Neural networks have become the de facto standard for image-related tasks in computing, currently being deployed in a multitude of scenarios, ranging from automatically tagging photos in your image library to autonomous driving systems. These machine-learned systems have become ubiquitous because they perform more accurately than any system humans were able to directly design without machine learning. But because essential details of these systems are learned during the automated training process, understanding how a network goes about its given task can sometimes remain a bit of a mystery.

Today, in collaboration with colleagues at OpenAI, we're publishing "Exploring Neural Networks with Activation Atlases", which describes a new technique aimed at helping to answer the question of what image classification neural networks "see" when provided an image.
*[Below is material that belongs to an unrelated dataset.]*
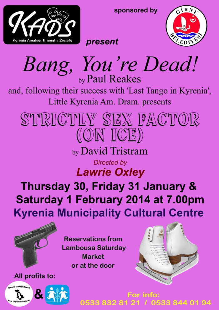 The two 1-act performances will be on Thursday, Friday and Saturday – 30th and 31st January and 1st February at the Girne Municipality Cultural Centre. Invitations are 15TL and reservations can
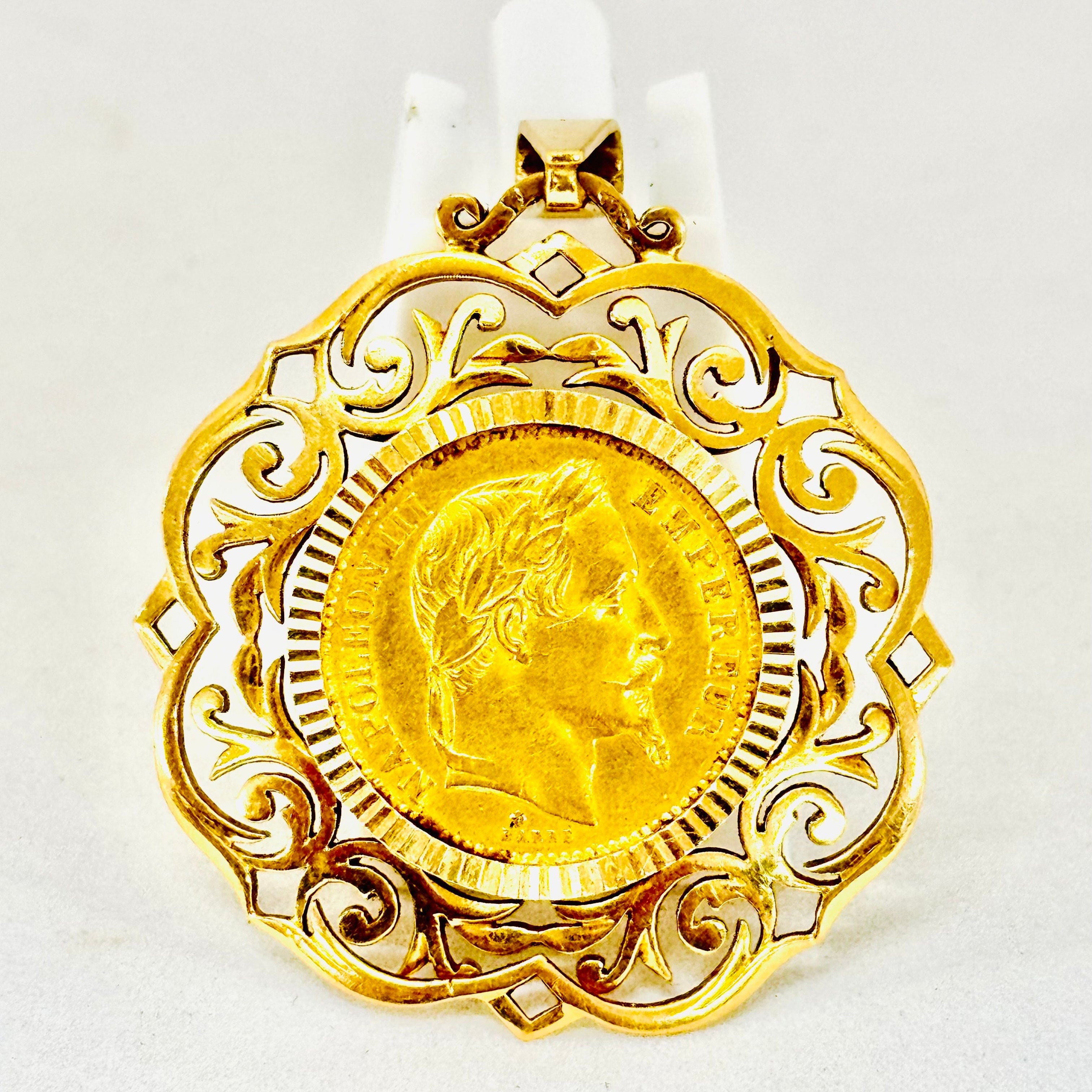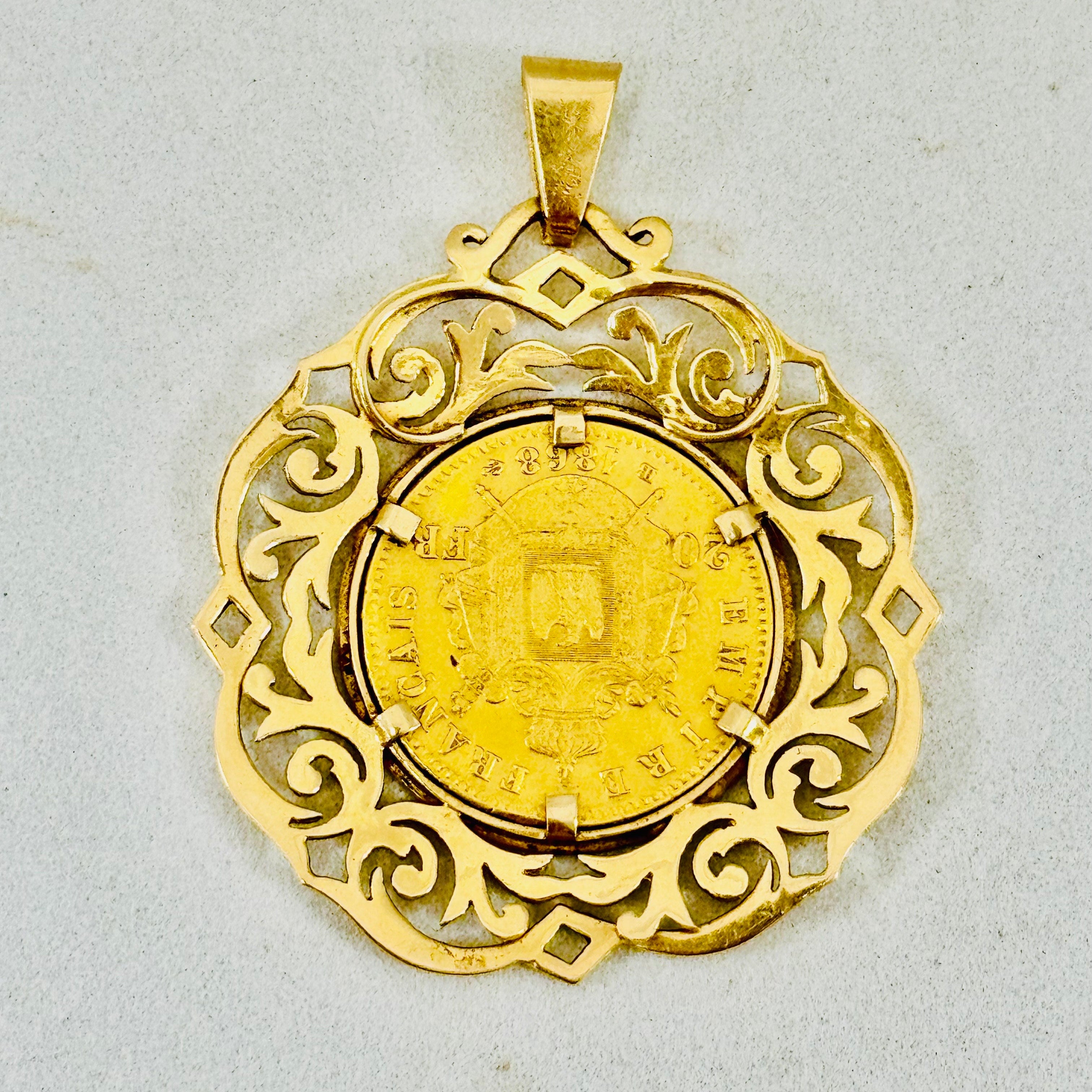 Pendentif porte-pièce en or jaune 750/1000 (18 carats), poinçon Tête d’Aigle, poids 13,99 g. Dimensions : 4,5 × 3,5 cm, épaisseur 4 mm. En bon état.

Activation atlases provide a new way to peer into convolutional vision networks, giving a global, hierarchical, and human-interpretable overview of concepts within the hidden layers of a network. We think of activation atlases as revealing a machine-learned alphabet for images — an array of simple, atomic concepts that are combined and recombined to form much more complex visual ideas. We are also releasing some jupyter notebooks to help you get you started in making your own activation atlases.

A detail view of an activation atlas from one of the layers of the InceptionV1 vision classification network. It reveals many of the visual detectors that the network uses to classify images, such as different types of fruit-like textures, honeycomb patterns and fabric-like textures.
The activation atlases shown below are built from a convolutional image classification network, Inceptionv1, that was trained on the ImageNet dataset. In general, classification networks are shown an image and then asked to give that image a label from one of 1,000 predetermined classes — such as "carbonara", "snorkel" or "frying pan". To do this, our network evaluates the image data progressively through about ten layers, each made of hundreds of neurons that each activate to varying degrees on different types of image patches. One neuron at one layer might respond positively to a dog's ear, another at an earlier layer might respond to a high-contrast vertical line.

An activation atlas is built by collecting the internal activations from each of these layers of our neural network from one million images. These activations, represented by a complex set of high-dimensional vectors, is projected into useful 2D layouts via UMAP, a dimensionality-reduction technique that preserving some of the local structure of the original high-dimensional space.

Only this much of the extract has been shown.